## [TASK DIRECTIONS]
From the top of the entries, reproduce each line exactly, stopping after the line that contains "INTEX Basenik dmuchany". Omit pictures.

## [RAW DATA]
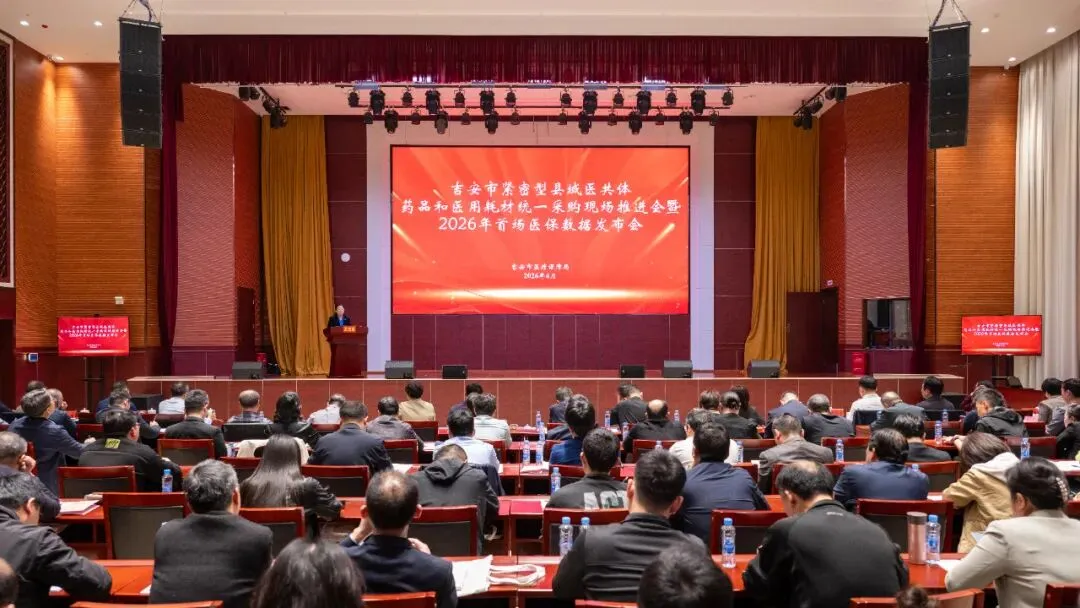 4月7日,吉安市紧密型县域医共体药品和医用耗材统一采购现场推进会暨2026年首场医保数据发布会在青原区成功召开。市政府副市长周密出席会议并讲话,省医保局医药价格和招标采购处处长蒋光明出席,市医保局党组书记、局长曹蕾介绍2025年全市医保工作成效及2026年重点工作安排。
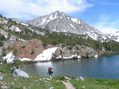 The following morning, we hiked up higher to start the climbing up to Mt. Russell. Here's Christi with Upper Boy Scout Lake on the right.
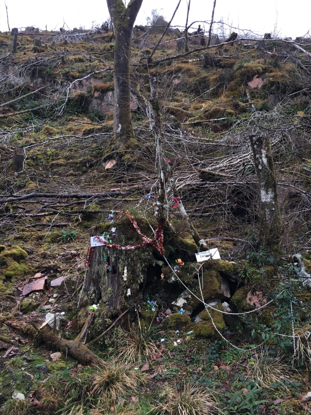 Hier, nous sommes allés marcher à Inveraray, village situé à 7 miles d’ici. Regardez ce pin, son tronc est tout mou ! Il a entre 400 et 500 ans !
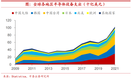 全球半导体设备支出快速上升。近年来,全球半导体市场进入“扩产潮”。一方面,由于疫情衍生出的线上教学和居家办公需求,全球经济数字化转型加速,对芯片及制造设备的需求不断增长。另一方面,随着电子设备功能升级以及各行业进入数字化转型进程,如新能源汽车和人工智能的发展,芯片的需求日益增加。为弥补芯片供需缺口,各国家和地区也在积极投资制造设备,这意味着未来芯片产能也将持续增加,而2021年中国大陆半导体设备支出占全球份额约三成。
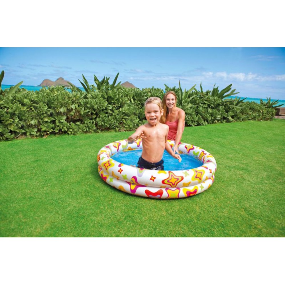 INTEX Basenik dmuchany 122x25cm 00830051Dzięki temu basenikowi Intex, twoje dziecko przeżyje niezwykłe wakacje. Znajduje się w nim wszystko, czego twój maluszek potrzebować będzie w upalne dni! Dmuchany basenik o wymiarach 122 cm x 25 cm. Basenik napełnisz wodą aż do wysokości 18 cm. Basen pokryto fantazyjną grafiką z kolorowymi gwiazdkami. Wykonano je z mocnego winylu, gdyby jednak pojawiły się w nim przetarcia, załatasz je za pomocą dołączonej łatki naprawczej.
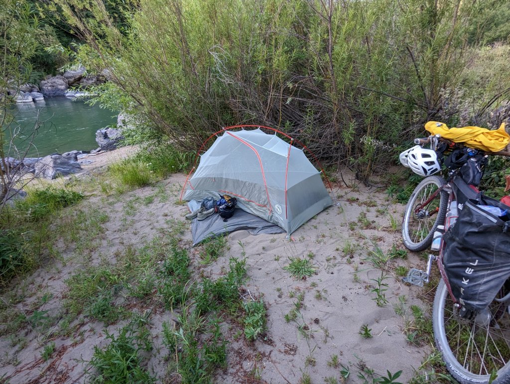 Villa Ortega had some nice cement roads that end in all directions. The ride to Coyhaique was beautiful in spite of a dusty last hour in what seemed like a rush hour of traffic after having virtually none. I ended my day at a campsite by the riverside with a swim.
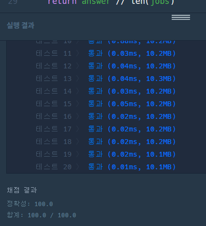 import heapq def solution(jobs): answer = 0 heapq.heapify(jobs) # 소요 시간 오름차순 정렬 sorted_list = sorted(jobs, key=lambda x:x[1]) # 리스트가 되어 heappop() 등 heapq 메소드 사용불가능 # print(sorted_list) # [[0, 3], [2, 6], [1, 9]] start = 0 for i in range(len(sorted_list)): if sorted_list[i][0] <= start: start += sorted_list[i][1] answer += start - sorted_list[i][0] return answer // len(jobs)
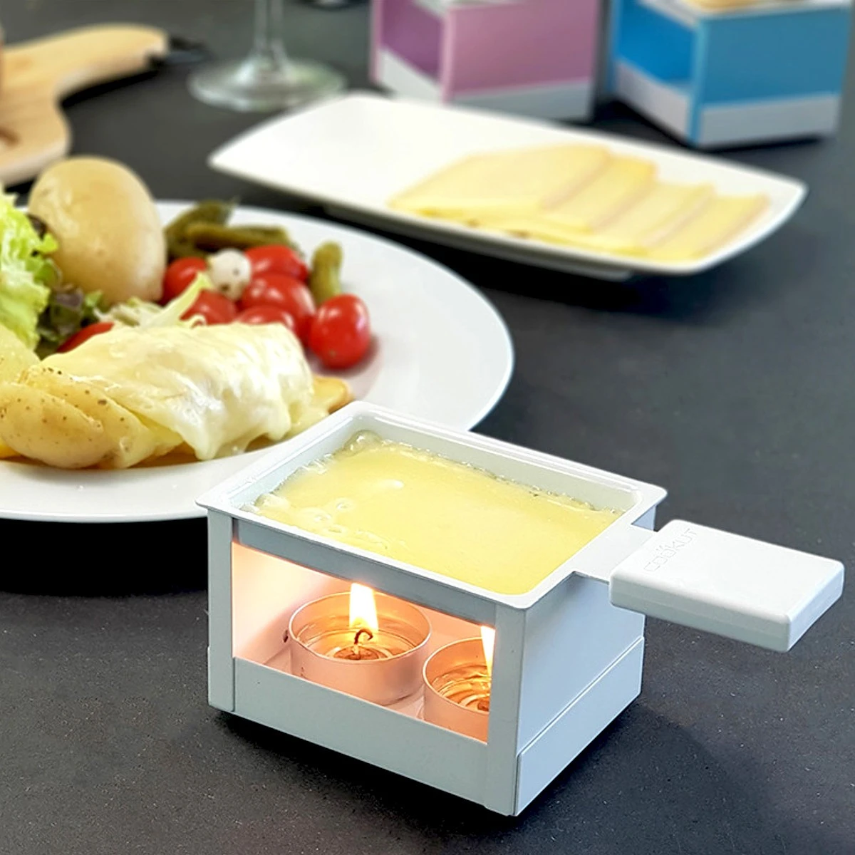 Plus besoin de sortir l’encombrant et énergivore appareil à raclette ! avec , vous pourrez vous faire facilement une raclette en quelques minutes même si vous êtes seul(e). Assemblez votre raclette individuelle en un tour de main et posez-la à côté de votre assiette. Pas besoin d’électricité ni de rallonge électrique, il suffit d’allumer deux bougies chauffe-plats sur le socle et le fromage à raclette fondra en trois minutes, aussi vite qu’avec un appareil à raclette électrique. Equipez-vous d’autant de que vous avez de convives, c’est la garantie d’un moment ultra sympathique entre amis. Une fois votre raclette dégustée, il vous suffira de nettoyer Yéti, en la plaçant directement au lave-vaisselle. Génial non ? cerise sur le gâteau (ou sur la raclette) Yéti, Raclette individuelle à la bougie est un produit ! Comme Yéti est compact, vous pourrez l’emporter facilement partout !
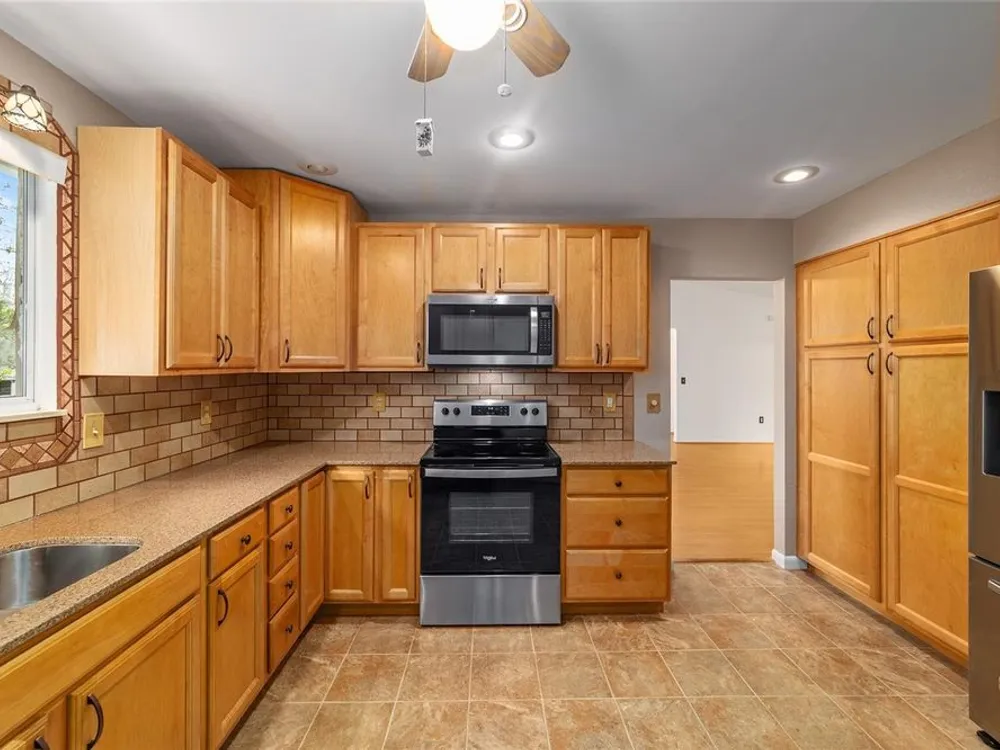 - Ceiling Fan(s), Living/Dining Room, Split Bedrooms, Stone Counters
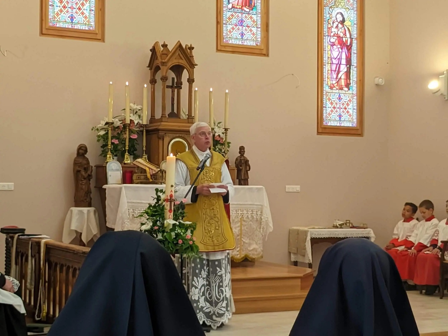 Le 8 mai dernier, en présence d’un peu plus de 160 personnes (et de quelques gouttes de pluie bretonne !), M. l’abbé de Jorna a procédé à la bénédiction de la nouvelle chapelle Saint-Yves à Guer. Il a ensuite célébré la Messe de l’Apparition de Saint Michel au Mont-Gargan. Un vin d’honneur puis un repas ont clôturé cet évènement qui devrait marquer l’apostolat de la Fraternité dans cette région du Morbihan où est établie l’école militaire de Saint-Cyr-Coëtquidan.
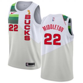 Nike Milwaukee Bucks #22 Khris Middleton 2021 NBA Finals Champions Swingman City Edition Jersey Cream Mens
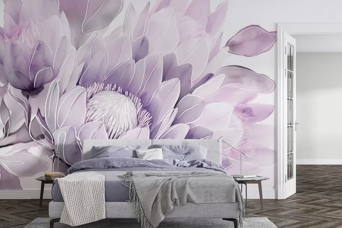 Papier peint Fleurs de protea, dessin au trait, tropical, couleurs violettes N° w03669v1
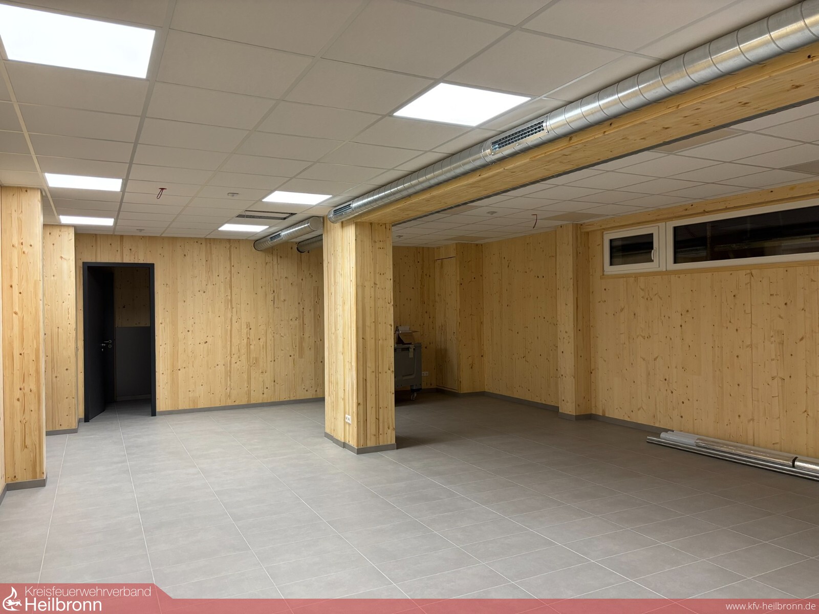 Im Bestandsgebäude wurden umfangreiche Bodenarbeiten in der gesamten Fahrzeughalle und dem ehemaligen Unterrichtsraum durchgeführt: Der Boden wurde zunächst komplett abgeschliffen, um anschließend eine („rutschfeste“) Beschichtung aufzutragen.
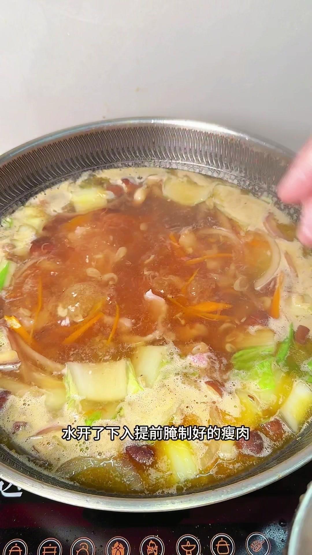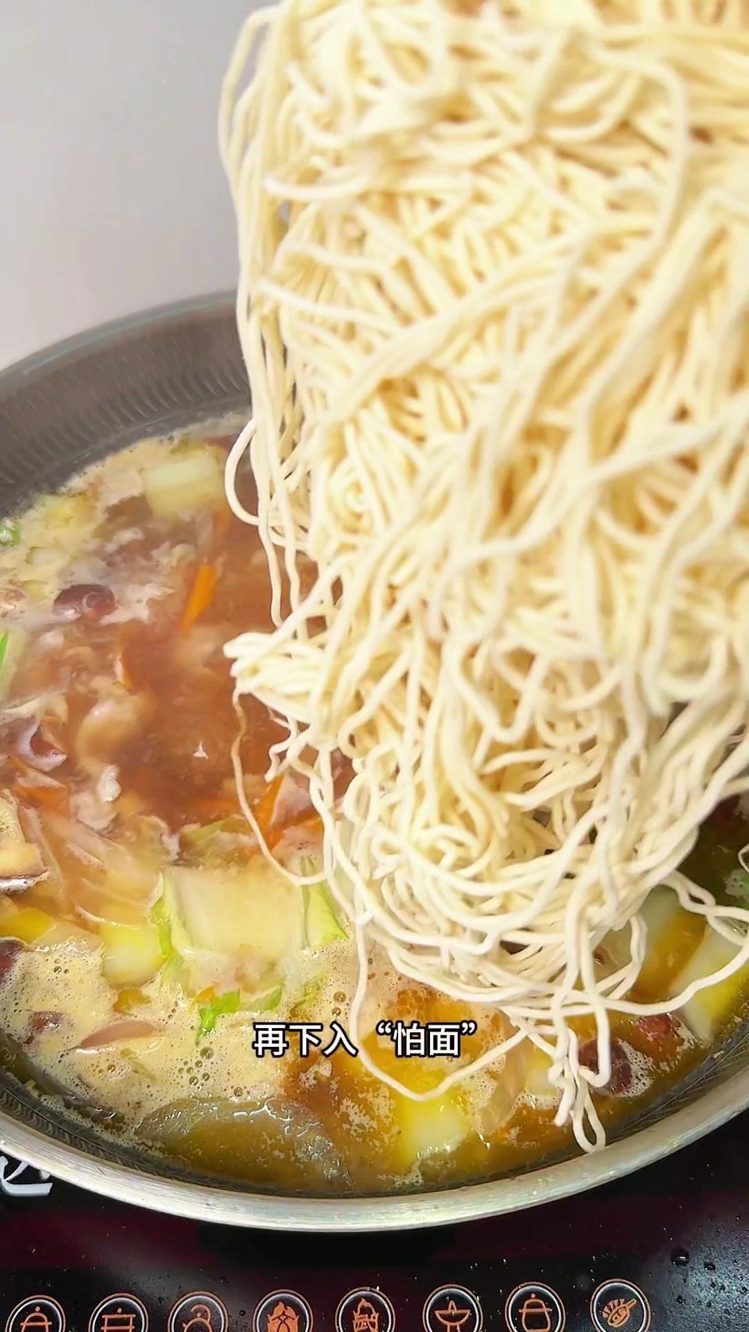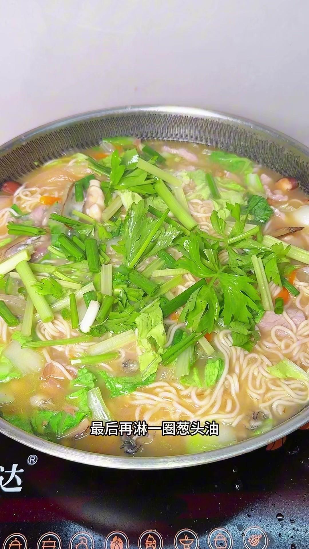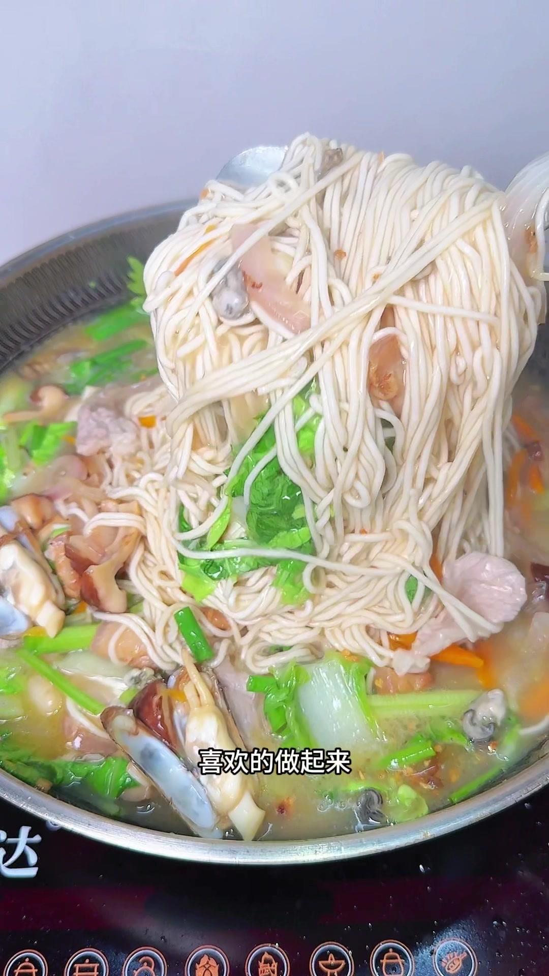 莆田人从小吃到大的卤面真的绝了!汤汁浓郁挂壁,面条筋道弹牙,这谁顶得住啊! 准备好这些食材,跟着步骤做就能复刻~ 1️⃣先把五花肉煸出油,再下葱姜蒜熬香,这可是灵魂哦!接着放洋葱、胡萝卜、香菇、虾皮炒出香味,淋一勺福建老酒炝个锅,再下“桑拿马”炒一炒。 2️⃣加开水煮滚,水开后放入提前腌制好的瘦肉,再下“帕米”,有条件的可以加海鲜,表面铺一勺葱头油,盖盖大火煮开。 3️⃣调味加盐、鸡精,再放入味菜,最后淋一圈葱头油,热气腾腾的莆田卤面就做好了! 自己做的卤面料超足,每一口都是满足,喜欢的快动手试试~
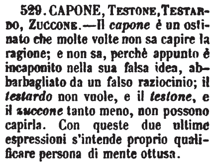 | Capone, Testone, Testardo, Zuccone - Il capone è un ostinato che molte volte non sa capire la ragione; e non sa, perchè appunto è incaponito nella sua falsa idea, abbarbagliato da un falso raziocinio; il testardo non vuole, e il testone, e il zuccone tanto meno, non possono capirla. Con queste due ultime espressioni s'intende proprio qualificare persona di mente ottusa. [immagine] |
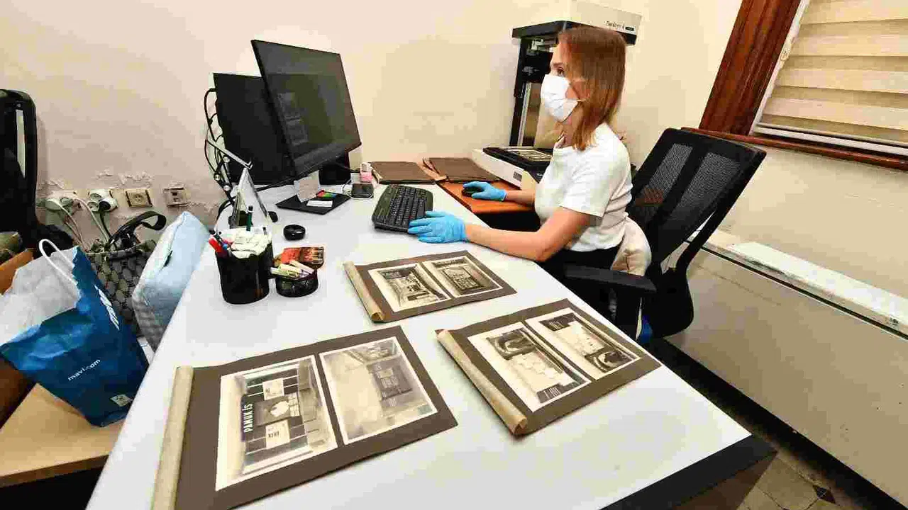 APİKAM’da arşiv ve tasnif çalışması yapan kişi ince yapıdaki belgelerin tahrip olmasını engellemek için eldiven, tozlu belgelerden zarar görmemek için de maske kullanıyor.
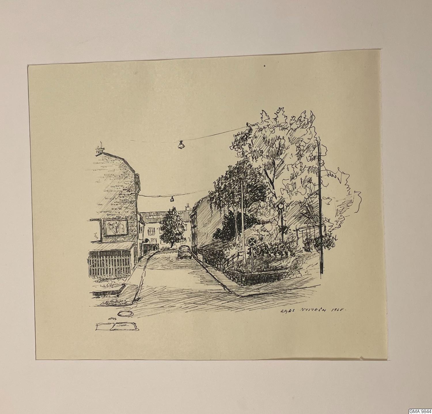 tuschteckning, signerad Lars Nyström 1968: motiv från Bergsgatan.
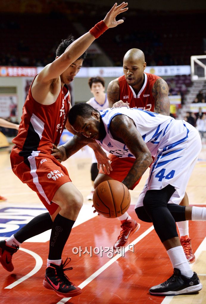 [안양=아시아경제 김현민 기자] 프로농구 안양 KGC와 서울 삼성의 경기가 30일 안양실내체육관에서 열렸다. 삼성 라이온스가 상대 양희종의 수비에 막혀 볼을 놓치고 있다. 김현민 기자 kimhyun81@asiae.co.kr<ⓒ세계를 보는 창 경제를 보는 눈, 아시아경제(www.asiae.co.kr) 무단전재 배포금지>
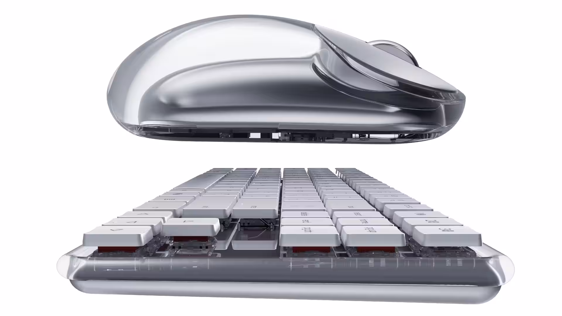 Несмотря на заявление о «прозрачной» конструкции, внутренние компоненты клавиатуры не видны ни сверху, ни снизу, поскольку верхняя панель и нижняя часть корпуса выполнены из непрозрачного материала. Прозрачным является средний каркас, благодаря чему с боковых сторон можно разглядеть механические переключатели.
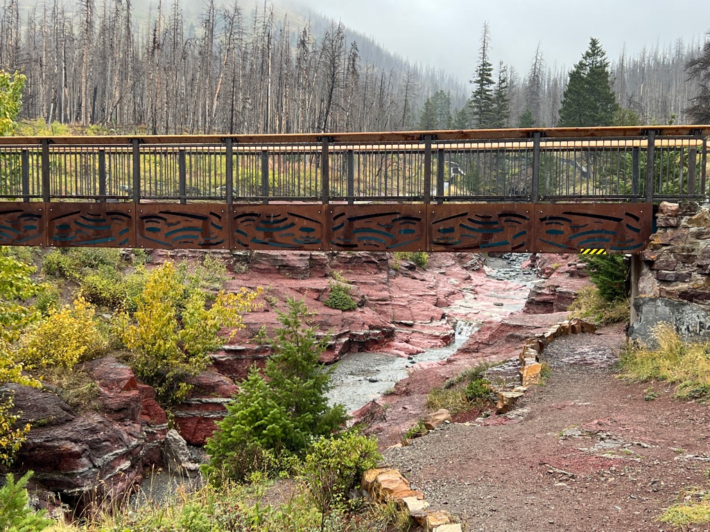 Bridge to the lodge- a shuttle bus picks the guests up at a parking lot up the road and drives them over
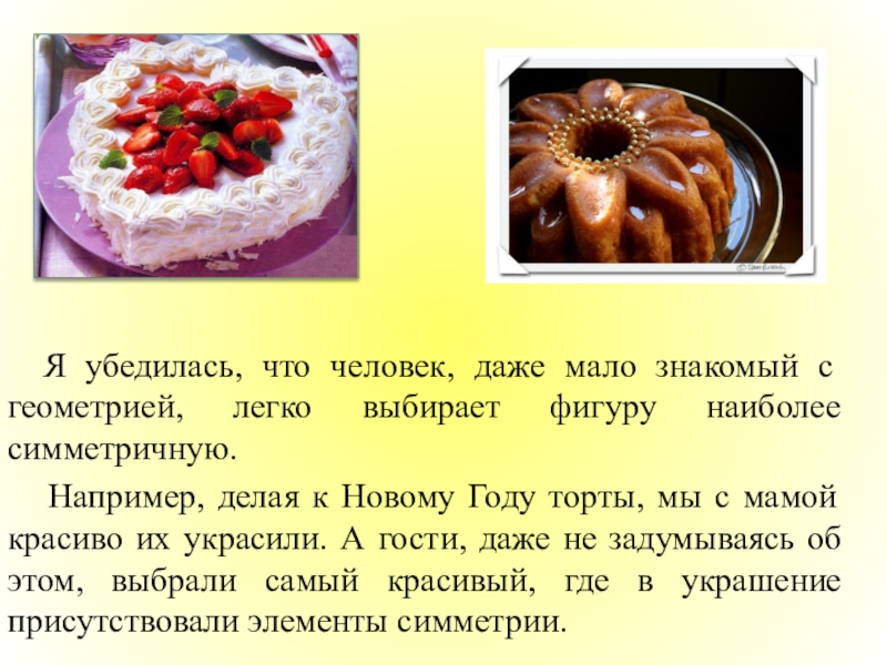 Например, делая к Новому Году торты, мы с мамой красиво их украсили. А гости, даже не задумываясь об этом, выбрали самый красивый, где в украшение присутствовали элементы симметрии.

## [EXERCISE RESPONSE]
 4月7日,吉安市紧密型县域医共体药品和医用耗材统一采购现场推进会暨2026年首场医保数据发布会在青原区成功召开。市政府副市长周密出席会议并讲话,省医保局医药价格和招标采购处处长蒋光明出席,市医保局党组书记、局长曹蕾介绍2025年全市医保工作成效及2026年重点工作安排。
 The following morning, we hiked up higher to start the climbing up to Mt. Russell. Here's Christi with Upper Boy Scout Lake on the right.
 Hier, nous sommes allés marcher à Inveraray, village situé à 7 miles d’ici. Regardez ce pin, son tronc est tout mou ! Il a entre 400 et 500 ans !
 全球半导体设备支出快速上升。近年来,全球半导体市场进入“扩产潮”。一方面,由于疫情衍生出的线上教学和居家办公需求,全球经济数字化转型加速,对芯片及制造设备的需求不断增长。另一方面,随着电子设备功能升级以及各行业进入数字化转型进程,如新能源汽车和人工智能的发展,芯片的需求日益增加。为弥补芯片供需缺口,各国家和地区也在积极投资制造设备,这意味着未来芯片产能也将持续增加,而2021年中国大陆半导体设备支出占全球份额约三成。
 INTEX Basenik dmuchany 122x25cm 00830051Dzięki temu basenikowi Intex, twoje dziecko przeżyje niezwykłe wakacje. Znajduje się w nim wszystko, czego twój maluszek potrzebować będzie w upalne dni! Dmuchany basenik o wymiarach 122 cm x 25 cm. Basenik napełnisz wodą aż do wysokości 18 cm. Basen pokryto fantazyjną grafiką z kolorowymi gwiazdkami. Wykonano je z mocnego winylu, gdyby jednak pojawiły się w nim przetarcia, załatasz je za pomocą dołączonej łatki naprawczej.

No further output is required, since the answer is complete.